What you are asked to do: From the data below, set down exactly the lines between the one holding "- Part #3 connects" and the one holding "500 мг | ** |", inclusive, and no others.
START Given data
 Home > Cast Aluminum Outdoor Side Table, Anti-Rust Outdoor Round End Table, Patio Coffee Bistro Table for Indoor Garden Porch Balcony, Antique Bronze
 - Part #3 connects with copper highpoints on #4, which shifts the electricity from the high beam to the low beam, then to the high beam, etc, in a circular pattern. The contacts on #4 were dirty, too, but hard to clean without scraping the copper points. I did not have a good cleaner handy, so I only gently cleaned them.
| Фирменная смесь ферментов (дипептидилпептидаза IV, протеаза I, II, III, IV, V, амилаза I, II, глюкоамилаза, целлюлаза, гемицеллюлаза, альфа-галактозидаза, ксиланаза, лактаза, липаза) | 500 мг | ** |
END Given data
START Given data
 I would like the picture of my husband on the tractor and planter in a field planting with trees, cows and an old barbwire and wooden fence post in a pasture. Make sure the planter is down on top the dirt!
END Given data
Result for this exercise:
 - Part #3 connects with copper highpoints on #4, which shifts the electricity from the high beam to the low beam, then to the high beam, etc, in a circular pattern. The contacts on #4 were dirty, too, but hard to clean without scraping the copper points. I did not have a good cleaner handy, so I only gently cleaned them.
| Фирменная смесь ферментов (дипептидилпептидаза IV, протеаза I, II, III, IV, V, амилаза I, II, глюкоамилаза, целлюлаза, гемицеллюлаза, альфа-галактозидаза, ксиланаза, лактаза, липаза) | 500 мг | ** |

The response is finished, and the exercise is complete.